How can I write the sum of a series in sigma notation and prove it by induction?

[Seda]

[SOLVED] Sigma notation of a series.

I have the formula

1+2+3+...+n = (n^2+n+1)/2,

and I thinkthat this is the formula for the sum of a series. I need to write this thing in sigma notation, and then prove it by induction. I'm usually good and proving things by induction, but I can't even figure out how to get this thing into sigma notation!

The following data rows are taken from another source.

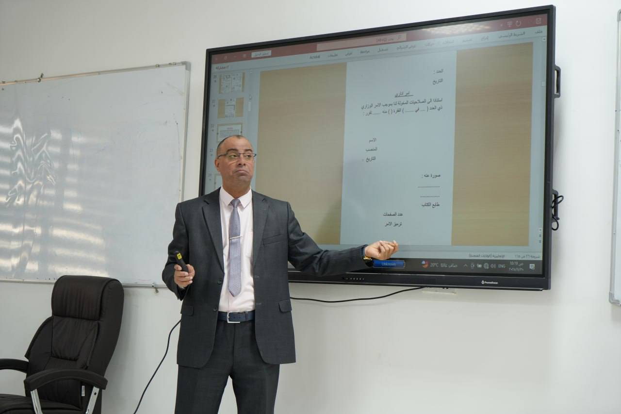 مشاركة تدريسي من كلية التربية للبنات في محاضرة تدريبية عن المهارات الإدارية.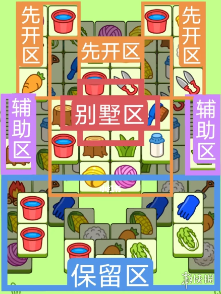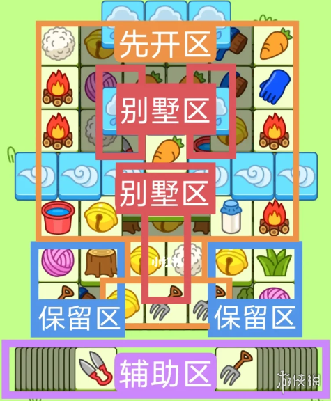 3.必要时可以用紫色盲盒区辅助消除,盲盒区后期不用留太多,留几张备用即可。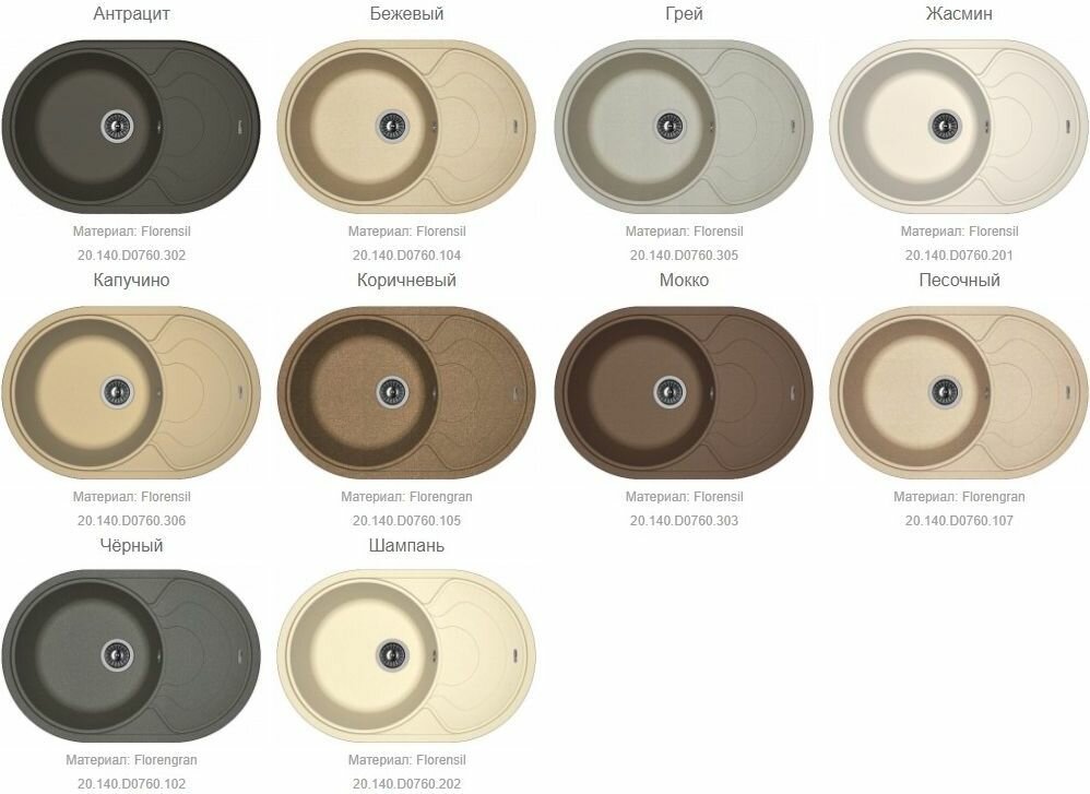 Florentina кухонная мойка родос 760 Жасмин 20.140.D0760.201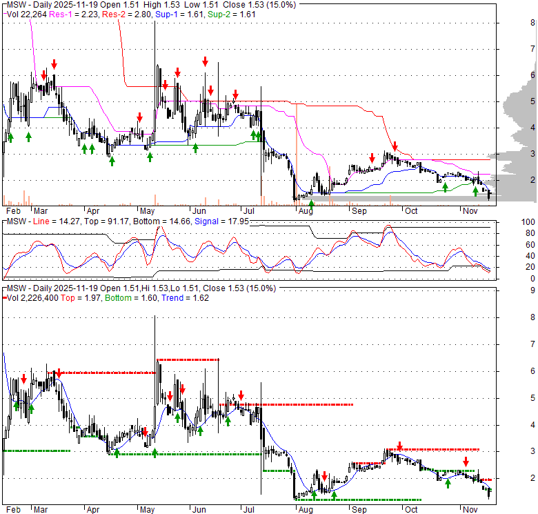 Price has closed below its short-term moving average. Short-term moving average is currently below mid-term; and below long-term moving average. From the relationship between price and moving averages: This stock is BEARISH in short-term; and BEARISH in mid-long term.[ MSW ] has closed above bottom band by 14.7%. Bollinger Bands are 11.1% narrower than normal. The current width of the bands does not suggest anything about the future direction or movement of prices.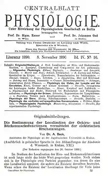 - Die Bestimmung der Lokalisation der Gehirn- und Rückenmarksfunktionen vermittelst der elektrischen Erscheinungen. Zentralblatt Physiol s. 473—476 (1890)
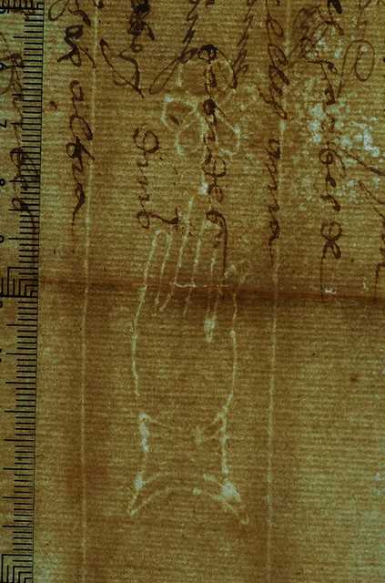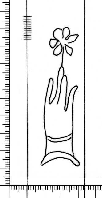 Tipo de filigrana: Sencilla Parte estudiada: Toda la filigrana Código del Motivo: B.02.02.03 Descripción: Mano con cuatro dedos juntos y el pulgar separado. Encima flor de seis puntas Estructura: Tradicional de líneas Altura (mm): 82 Anchura (mm): 22 Tipo de papel: 8 Posición en la hoja: Izquierda centro Distancia entre corondeles: Situada entre el corondel 3 y el corondel 4 Posición en relación al texto: Origen de los datos: Datos obtenidos del original Información adicional: Filigrama idética a la R-2443 Autor de los datos de este registro: María Dolores Díaz de Miranda Macías Estado de la hoja: Cortado borde derecho e inferior Altura de la hoja: 305 Anchura de la hoja: 216 Color de la hoja: Natural Estado de conservación: Regular pH del papel: Verjurado Institución: Legajo 23, doc. 3693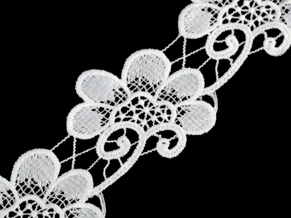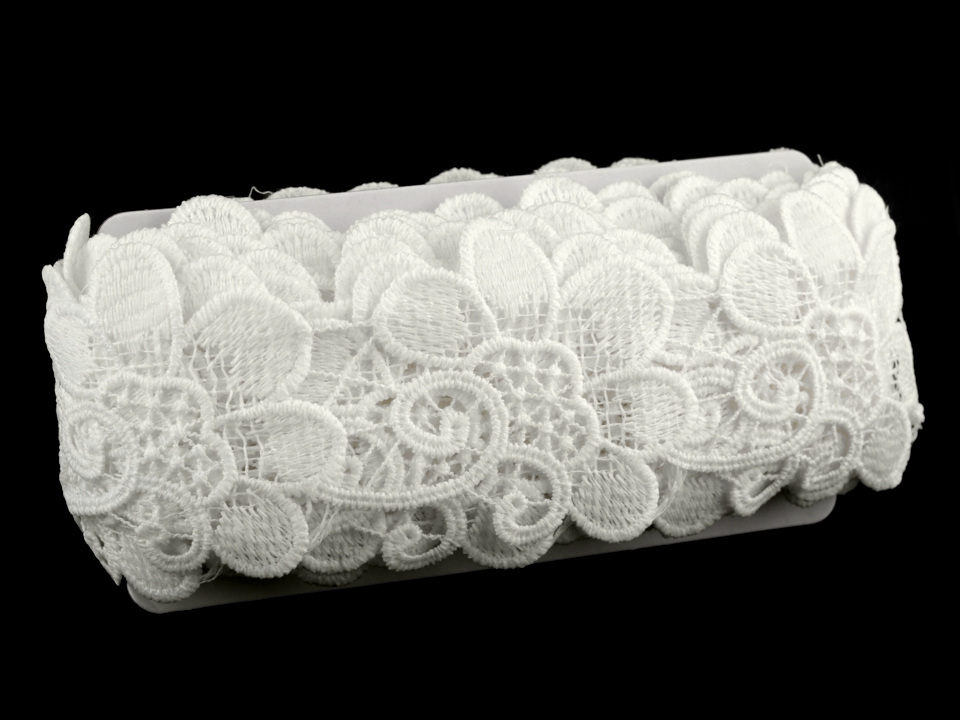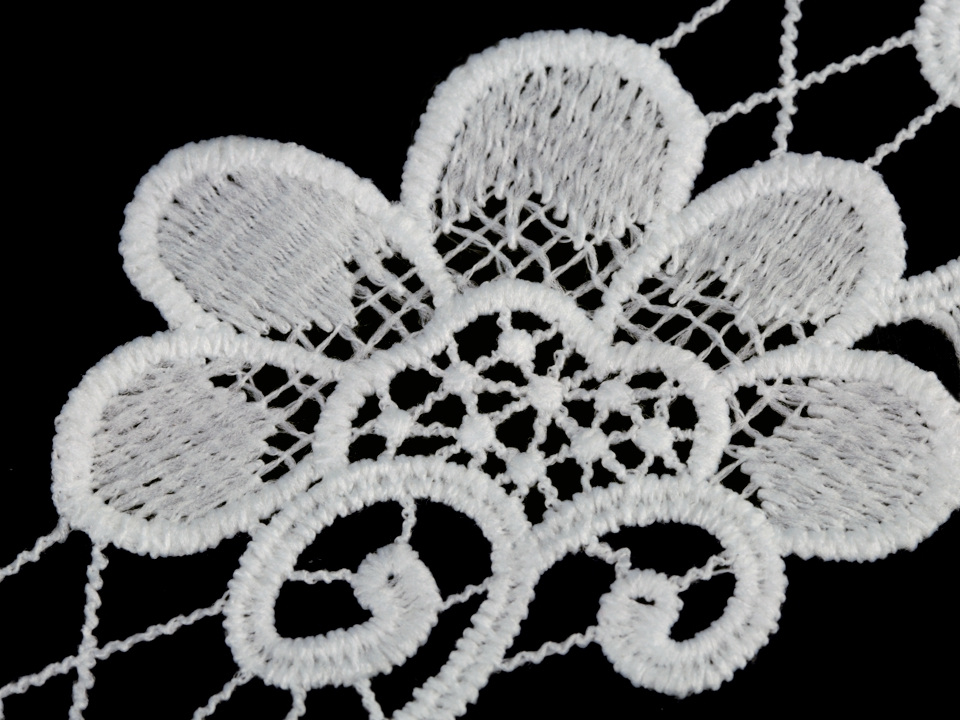 Vyšívaná krajka připomíná květy. Zajímavě ozdobí oděvy i doplňky, například běhouny, polštáře či tašky.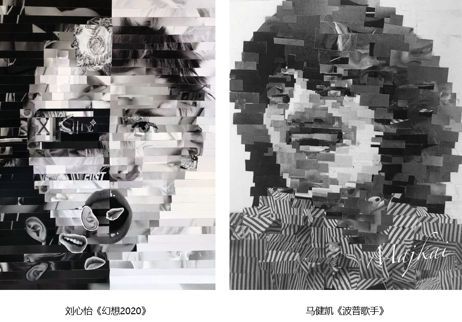 马健凯同学:通过打印人像照片来创造出新的肖像,对我来说这是一种新的表达方式的尝试。我将所有照片裁剪成1厘米宽的小条,并将他们看成一个个色块,或者说是像素点。有了这样的感受,我选择了像素画的方式来表达。在拼贴的时候兼顾了光影与体积的关系表达,创造出了一个长发男歌手的形象。这个形象代表了我对自己未来形象的向往,表达了我内心中自己的形象。这次的创作我学会了将固有信息、图像碎片化,让我可以不受原先形体特征的限制,创造出属于自己的新想象。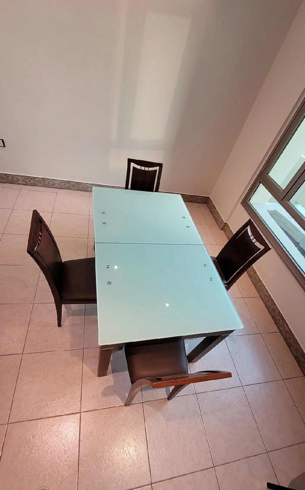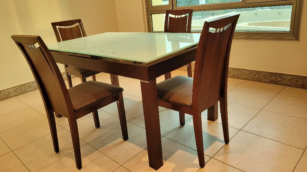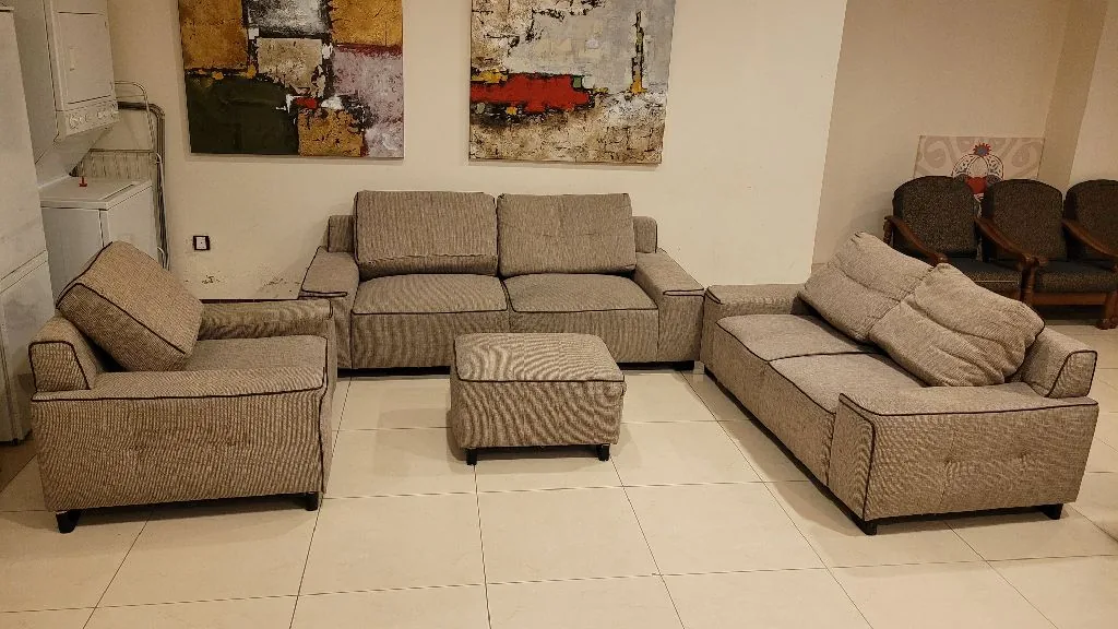 للبيع انتريه بحالة جيدة عدد 3 قطع ب 40دك وطاولة سفره بقرصة زجاجية وعدد 4 كرسي ب 40دك / موبايل + واتساب:
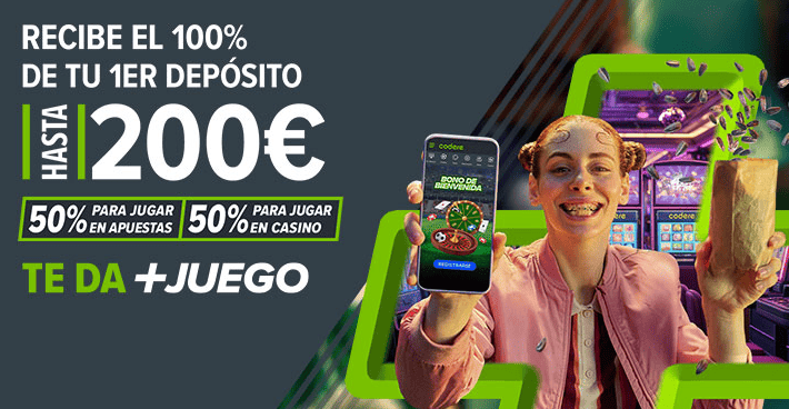 El bono de bienvenida de Codere está disponible para nuevos usuarios que accedan ahora a la casa de apuestas. Podrás conseguirlo registrándote ahora y efectuando un primer ingreso. Te bonifican el 100% del mismo, repartiendo la mitad para deportes (hasta 100€) y la otra mitad para casino (100€ máximo). De esta forma, podrás empezar a jugar con el doble del saldo que deposites. No pierdas la oportunidad de solicitarlo. Y, si quieres más información, te recomendamos que leas nuestra review sobre el Bono Codere 2025.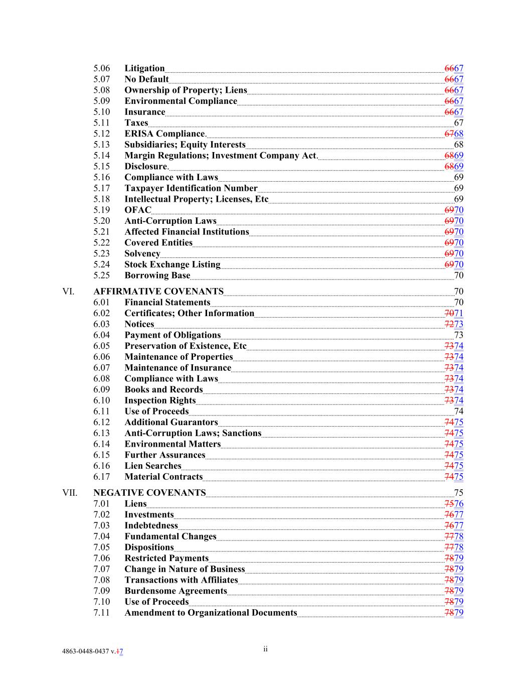 4863-0448-0437 v.17 ii 5.06 Litigation 6667 5.07 No Default 6667 5.08 Ownership of Property; Liens 6667 5.09 Environmental Compliance 6667 5.10 Insurance 6667 5.11 Taxes 67 5.12 ERISA Compliance. 6768 5.13 Subsidiaries; Equity Interests 68 5.14 Margin Regulations; Investment Company Act. 6869 5.15 Disclosure. 6869 5.16 Compliance with Laws 69 5.17 Taxpayer Identification Number 69 5.18 Intellectual Property; Licenses, Etc 69 5.19 OFAC 6970 5.20 Anti-Corruption Laws 6970 5.21 Affected Financial Institutions 6970 5.22 Covered Entities 6970 5.23 Solvency 6970 5.24 Stock Exchange Listing 6970 5.25 Borrowing Base 70 VI. AFFIRMATIVE COVENANTS 70 6.01 Financial Statements 70 6.02 Certificates; Other Information 7071 6.03 Notices 7273 6.04 Payment of Obligations 73 6.05 Preservation of Existence, Etc 7374 6.06 Maintenance of Properties 7374 6.07 Maintenance of Insurance 7374 6.08 Compliance with Laws 7374 6.09 Books and Records 7374 6.10 Inspection Rights 7374 6.11 Use of Proceeds 74 6.12 Additional Guarantors 7475 6.13 Anti-Corruption Laws; Sanctions 7475 6.14 Environmental Matters 7475 6.15 Further Assurances 7475 6.16 Lien Searches 7475 6.17 Material Contracts 7475 VII. NEGATIVE COVENANTS 75 7.01 Liens 7576 7.02 Investments 7677 7.03 Indebtedness 7677 7.04 Fundamental Changes 7778 7.05 Dispositions 7778 7.06 Restricted Payments 7879 7.07 Change in Nature of Business 7879 7.08 Transactions with Affiliates 7879 7.09 Burdensome Agreements 7879 7.10 Use of Proceeds 7879 7.11 Amendment to Organizational Documents 7879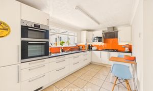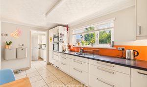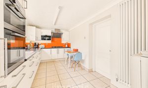 Fitted with a range of wall and base units with work surfaces over, incorporating a built-in fridge/freezer, eye-level oven and grill, five-ring gas hob, 1½ bowl sink with drainer, and built-in microwave. Finished with tiled flooring, a double-glazed window to the rear, and a door leading to:

I think by pluging in values that this series is 3/2 + 2 + 3 + 4 + 5 + etc

This seems like it should be easy, but wow I have been stumped for awhile. Help is appreciated.

 

[quasar987]

This is how it works formally.

If you are given a list of numbers {a_1, a_2, a_3,..., a_n} and you consider their sum a_1 + a_2 + ... + a_n, then we write this is sigma notation as

$$\sum_{i=1}^n a_i$$

This being said, can you answer your question now?

 

[Gib Z]

And your formula is incorrect by the way. Its $$\frac{n(n+1)}{2}$$.

 

[Seda]

Well, that's how the problem was listed in by homework...

hmm, I guess I'll answer it "false" then...

 

[Gib Z]

I guess if u want extra credit, show the original statement is false, eg if you let n=1, it states 1 = 3/2. Then give them the right expression and then prove that one =]